Far beyond the apparent 'coldness' of the data, their analysis allows us to identify a pattern of regional and racial disparities, such as those presented by the North and Northeast, which has the worst rates of children and adolescents with some type of deprivation, in which no state was below 70%, which indicates the worst conditions of life.
The biggest negative highlights were the states of Pará, Amapá, Maranhão and Piauí, all above 90%. Conversely, the South and Southeast regions had the best rates, with emphasis on São Paulo, with the best national rate, at 37%, followed by the Federal District, with 37.6%.
As a way of measuring the level of multidimensional poverty, Unicef takes into account children and adolescents' access to six basic rights: income, education, information, water, sanitation and housing.

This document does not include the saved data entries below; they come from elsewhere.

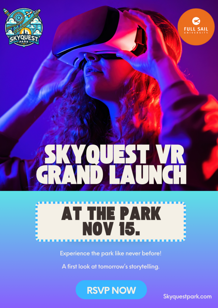 Orlando, FL — SkyQuest Park announced today that it will host the VR Grand Launch: A Night of Immersive Storytelling on Saturday, Nov. 15, from 6:00–10:00 p.m. at the park’s main plaza. The event marks the debut of SkyQuest’s first fully immersive VR attraction, featuring exclusive ride previews, entertainment, and opportunities to engage with the park’s creative team.
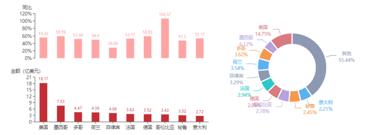 市場方面,前12個月,我國摩托車出口額排名前十的國家/地區分別為美國、墨西哥、多哥、荷蘭、菲律賓、法國、德國、哥倫比亞、秘魯、意大利,合計占我國該產品出口額的44.56%。
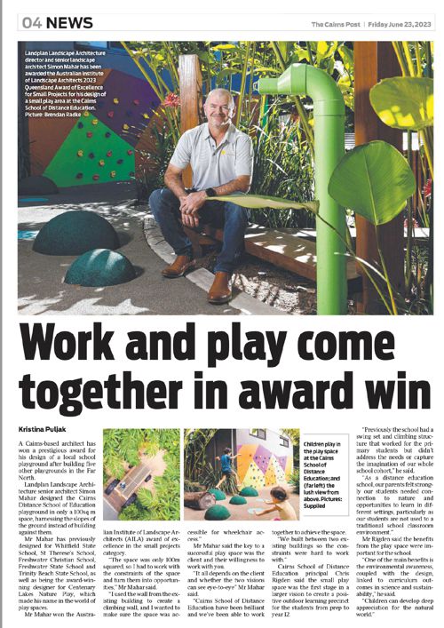 2021 Little Roo’s Playground at Whitfield State School at the AILA awards (Article)
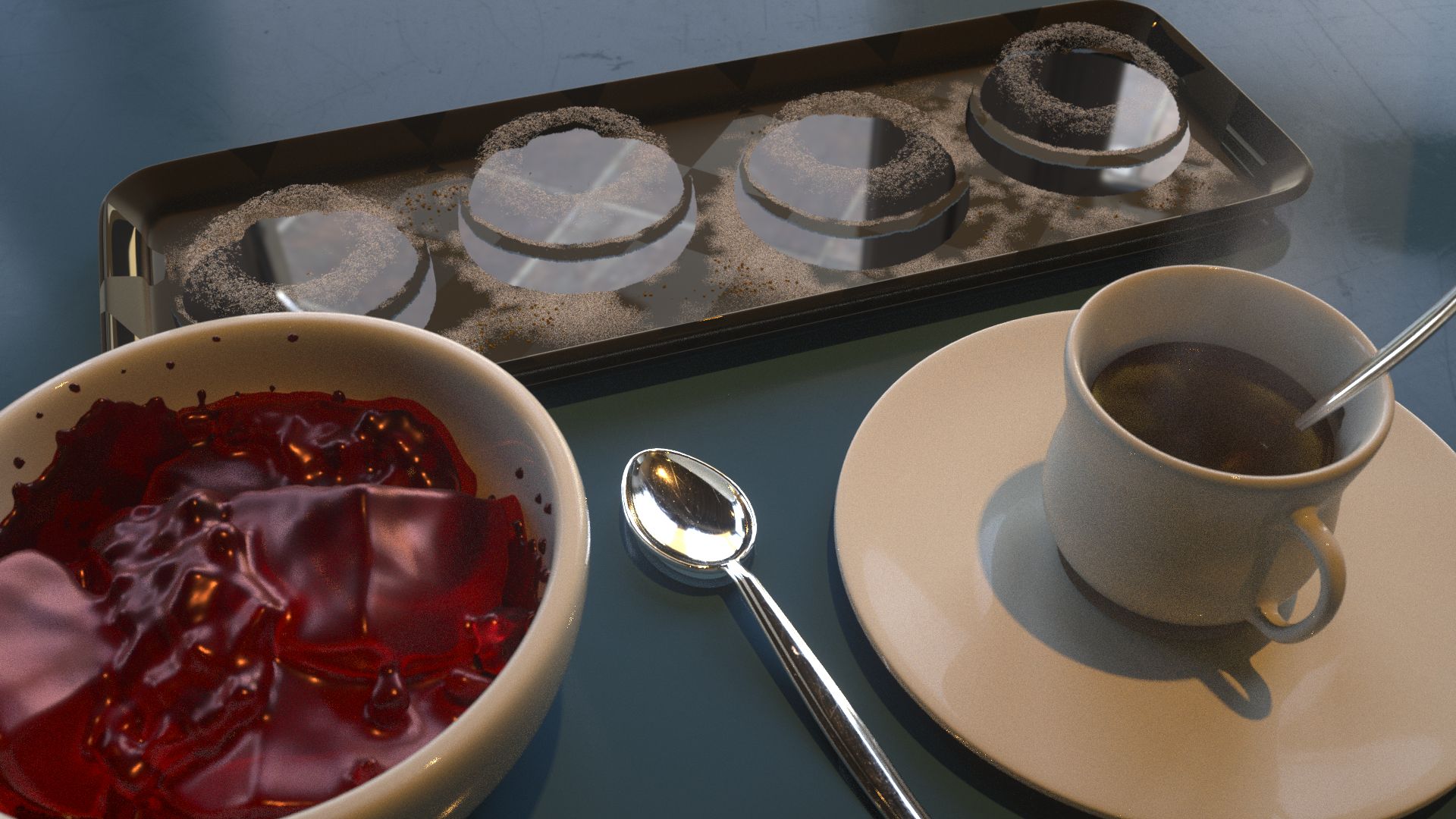 If I'm not mistaken this is because Octane prefers the material to be set on the geometry node. I was setting it using material nodes in several places (especially around the danishes/tray). Everything was rendering fine in the IPR so I figured it wasn't an issue. I went ahead and tried to clean these up by exporting items and merging them into their own geometry nodes.
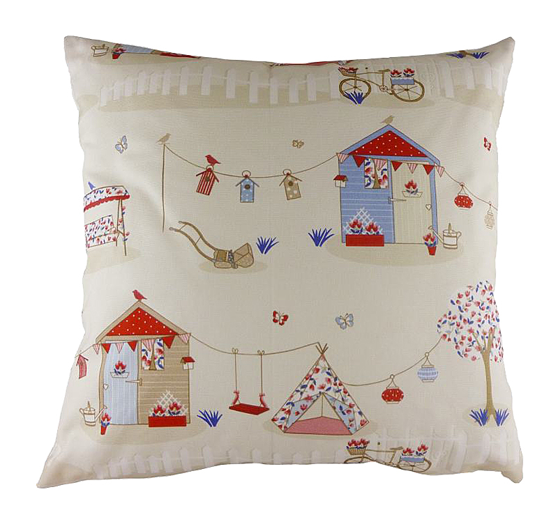 Бежевая декоративная подушка с изображением разноцветных атрибутов летнего отдыха — домика, палатки, велосипеда, качелей. Хорошо поддерживает спину и поможет расслабиться. Подушка также будет отличным сувениром и оригинальным подарком. Подарите себе и близким летнее настроение!
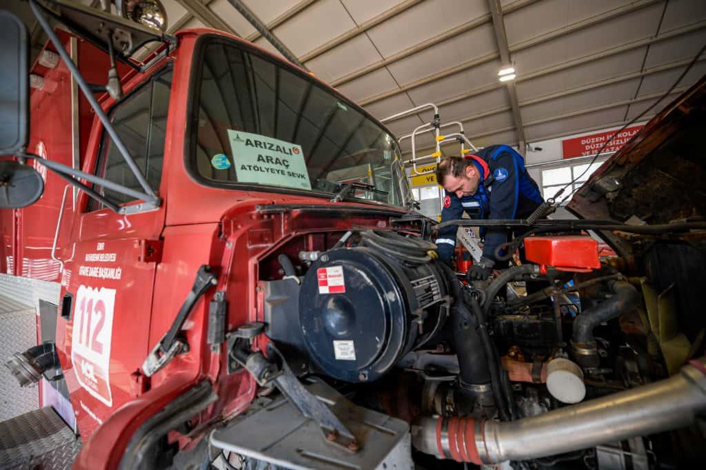 Atölye Formeni Mustafa Okkan, İzmir Büyükşehir Belediyesi İtfaiye Dairesi Başkanlığı envanterindeki tüm araç, gerecin bakım ve onarımını yaptıklarını söylüyor. İtfaiye araçlarının periyodik bakımlarını düzenli olarak gerçekleştirdiklerini anlatan Okkan, “Afetlerde sahaya gidip teknik destek veriyoruz. Biz de olağanüstü durumlarda itfaiyecilerle birlikte hareket ediyoruz” dedi.
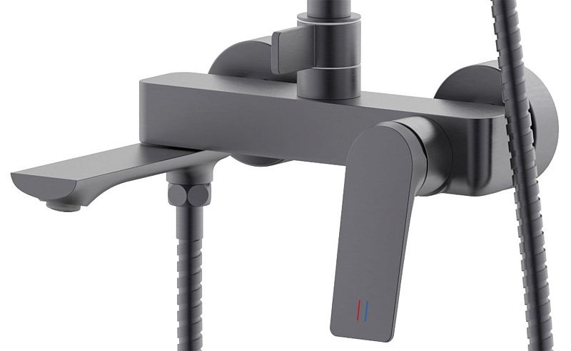 —Душевая система Azario Ларси с квадратным тропическим душем, керамический картридж, шланг 150 см, графит (AZ-K2349GR)
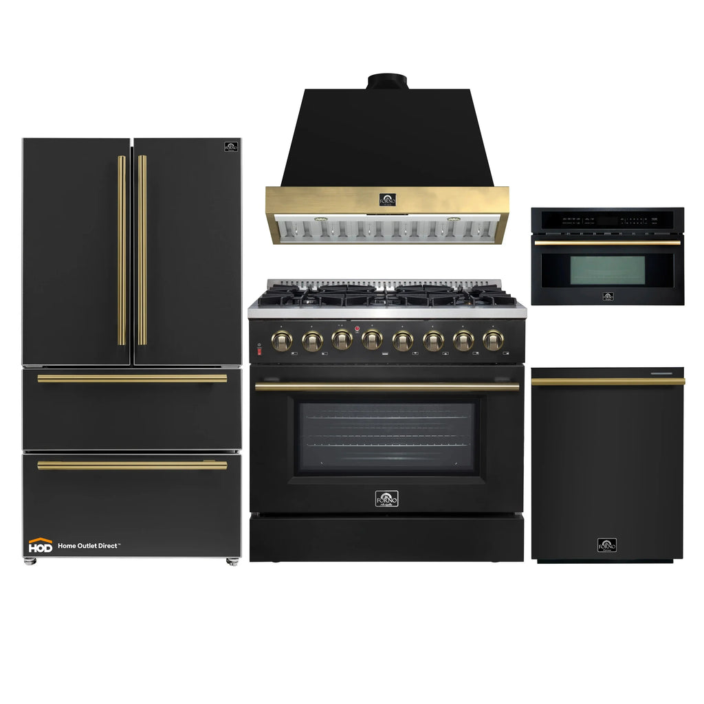 The Forno Galiano 36" Dual Fuel Range in sleek black with antique brass knobs and handles combines timeless style with high performance. Six sealed burners deliver 83,000 BTU total output, including a 20,000 BTU dual-ring burner for precise simmering at 1,000 BTU. The 5.36 cu.ft. true convection fan oven ensures even baking with a powerful 6,300-watt output. Black enamel interiors enhance heat distribution and are easy to clean, while smooth friction hinges and a 3-layer glass door ensure safety and durability. Adjustable stainless steel legs fit counters from 36" to 37". Includes 2 heavy-duty racks, a NEMA 14-50P power cord, and LP conversion kit. Backed by Forno’s 2-year in-house warranty for lasting peace of mind.
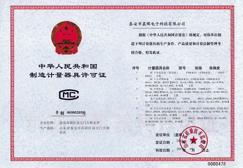 制造计量用具允许证
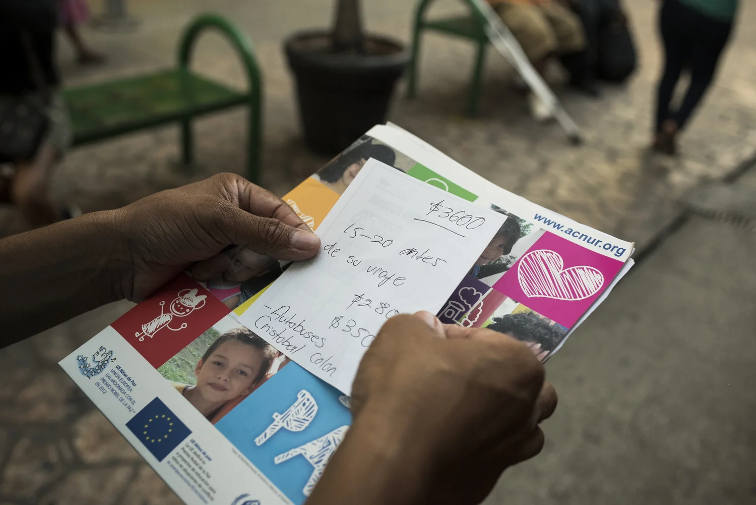 Prices for various travel options from Tapachula to Tijuana written on a piece of paper. Danilo was hoping to hear if his asylum application had been accepted and was seeing how much a plane or bus ticket would cost him to get to Tijuana. But they're expensive and he doesn't know how he'll be able to afford either of the alternatives.
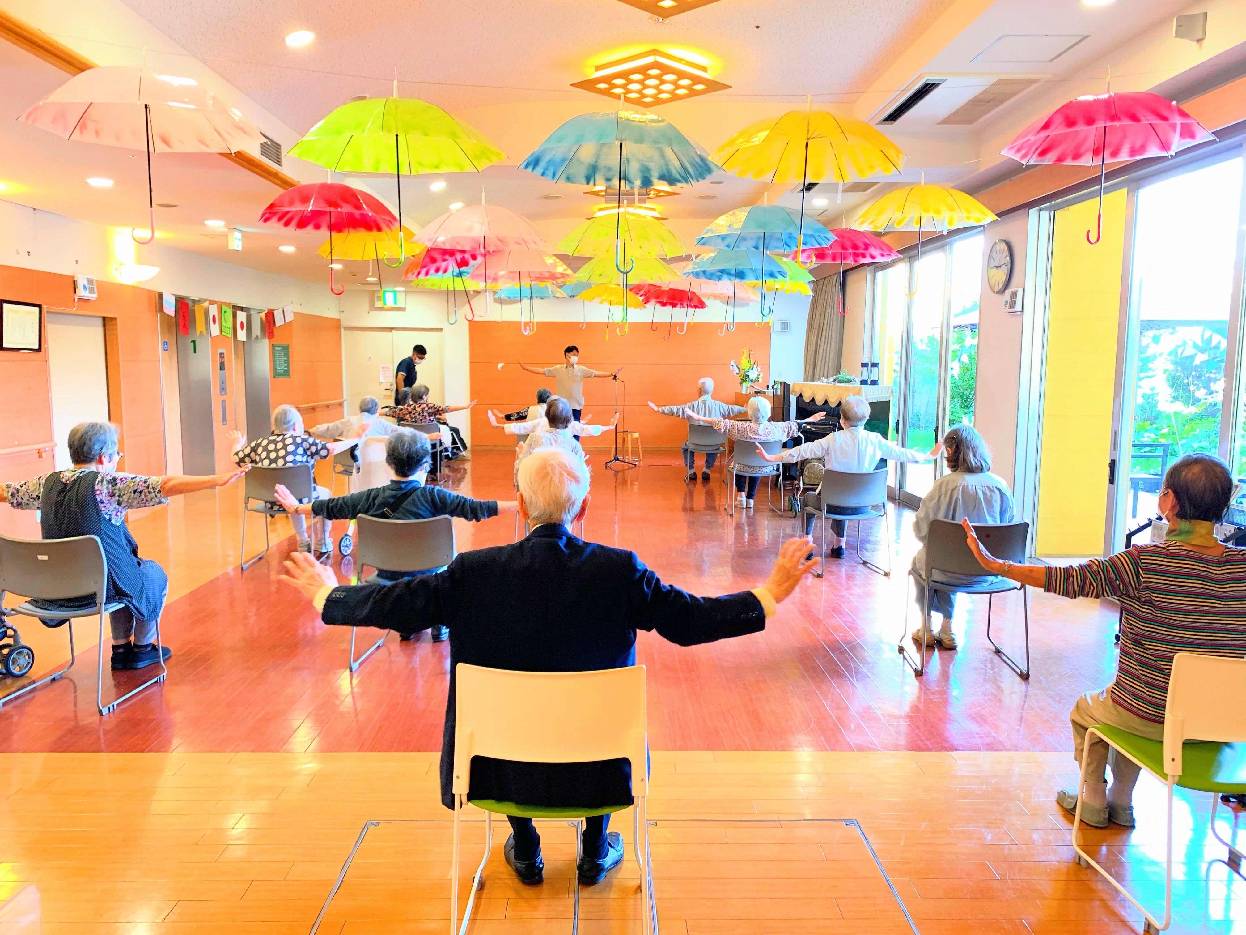 ホールに集まり体操です
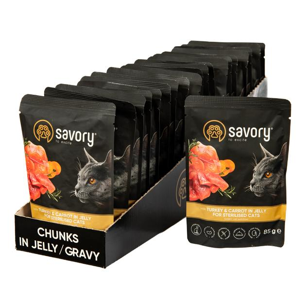 Блок вологих кормів для стерилізованих котів Savory Cat Pouch for Sterilised, with Turkey and Carrot, індичка з морквою в же
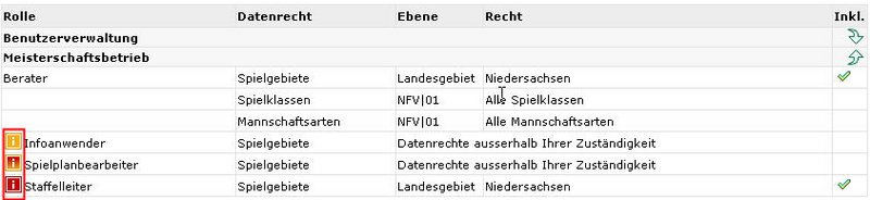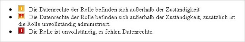Ist eine Rolle vollständig administriert und besitzen Sie mindestens die gleichen Datenrechte, werden Ihnen die Rolle und die dazugehörigen Datenrechte angezeigt. Besitzen Sie nicht die vollen Datenrechte oder ist die Rolle nicht vollständig administriert, wird Ihnen dies über entsprechende Icons angezeigt.
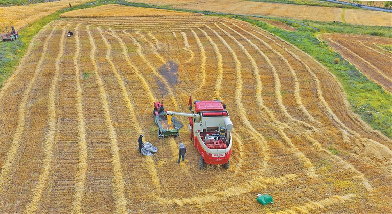 圖為該縣唐加鄉(xiāng)卓村村民在使用機(jī)械收割,并進(jìn)行青稞裝袋。記者 格桑倫珠 攝
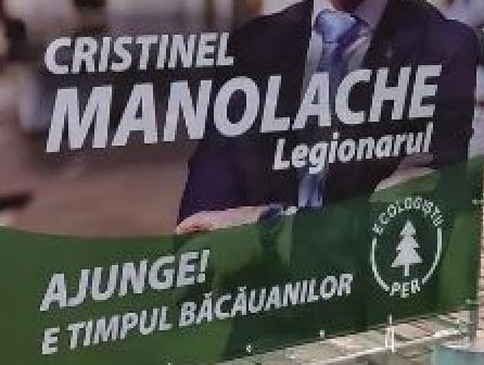 Sloganul cripto-extremist “AJUNGE! E timpul băcăuanilor“, conceput în laboratoarele propagandiștilor antisemiți, apare pe fundalul culorii verde, de nuanță legionară, partidul ‘ecologist’ fiind un pretext convenabil care să acopere o conspirație pentru răsturnarea democrației.
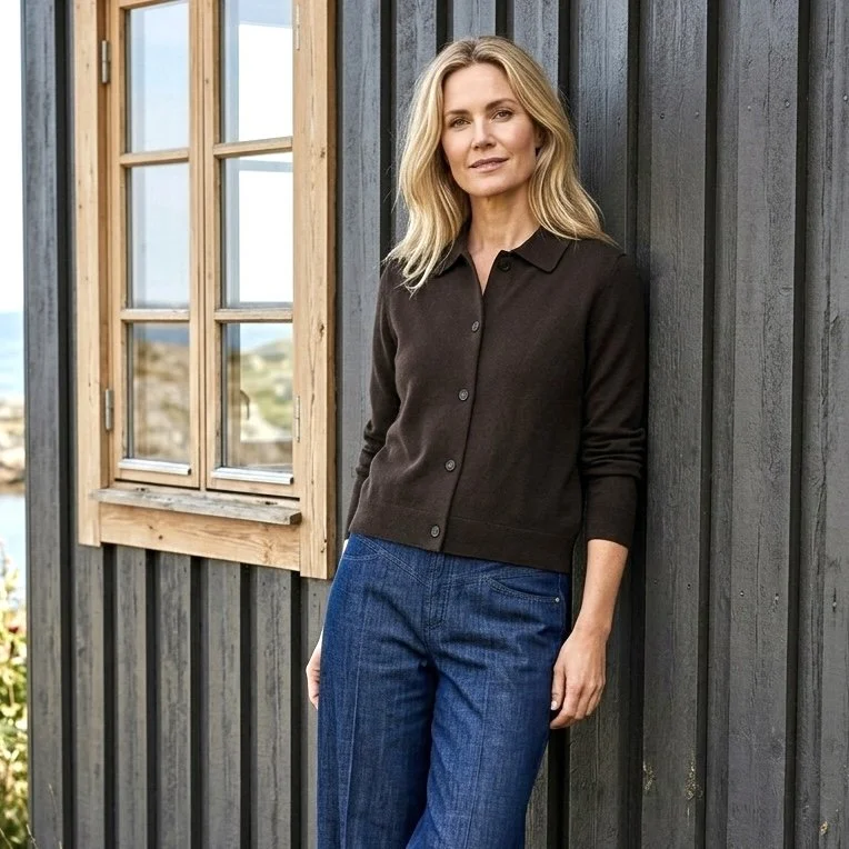 Diese wunderschöne Strickjacke mit Kragen strahlt Schlichtheit und Raffinesse aus – perfekt für einen stilvollen Auftritt im Alltag oder zu besonderen Anlässen.
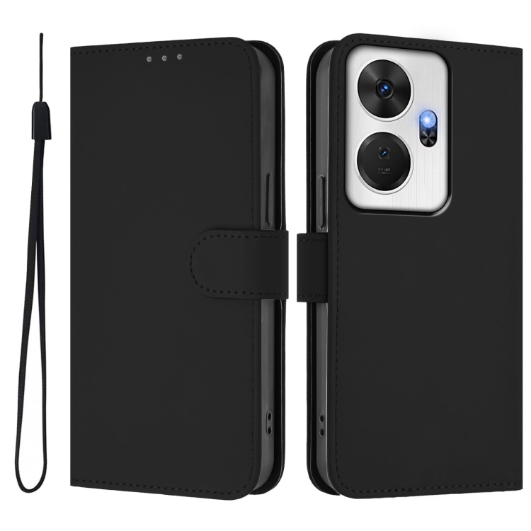 Funda de Cuero con Cordón para Teléfono Itel P55+ Textura de Piel (Negro)
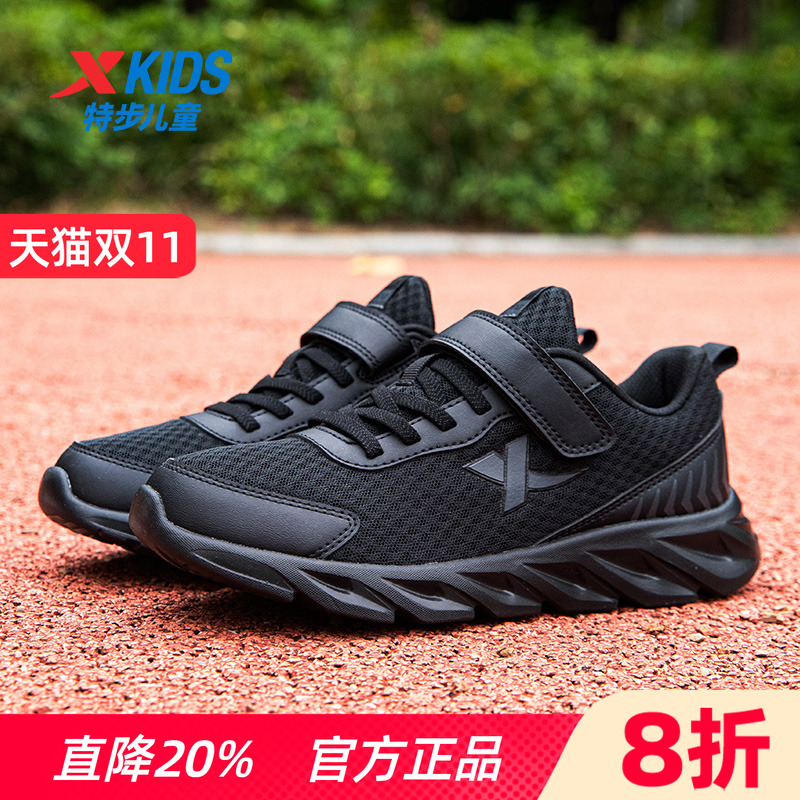 特步童鞋男童鞋子儿童运动鞋2025新款中大童黑色秋季网面透气跑鞋
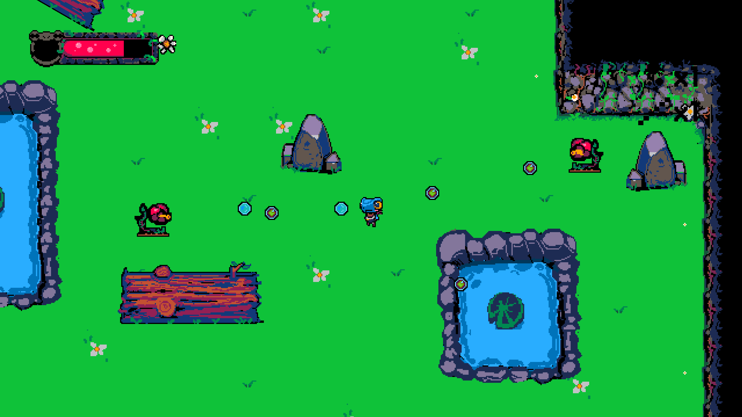 The game is a dungeon crawler where you have to defeat all the enemies of each room to continue. As you progress through the rooms you gain power until the little frog is fully evolved, unlocking an especial trait for the shooting ability. But beware, you are not the only one who evolves, enemies may have changed.

They are also considered, from situations of intermediate deprivation – when there are difficulties in exercising rights – to extreme, when there is no access. Such information is collected by Unicef, based on the Continuous Household Sample (Pnad Contínua), from the Brazilian Institute of Geography and Statistics (IBGE). “We start from the principle that children’s rights are a priority and everyone is equally important”, explains Varella.
Color is also another weight difference, due to the concept of multidimensional poverty, since, while 48.2% of white people had some deprivation, this percentage jumped to 68.8%, in the case of black people, a difference of 20.6 percentage points (p.p.) in 2022, which was 22.1 p.p. in 2019.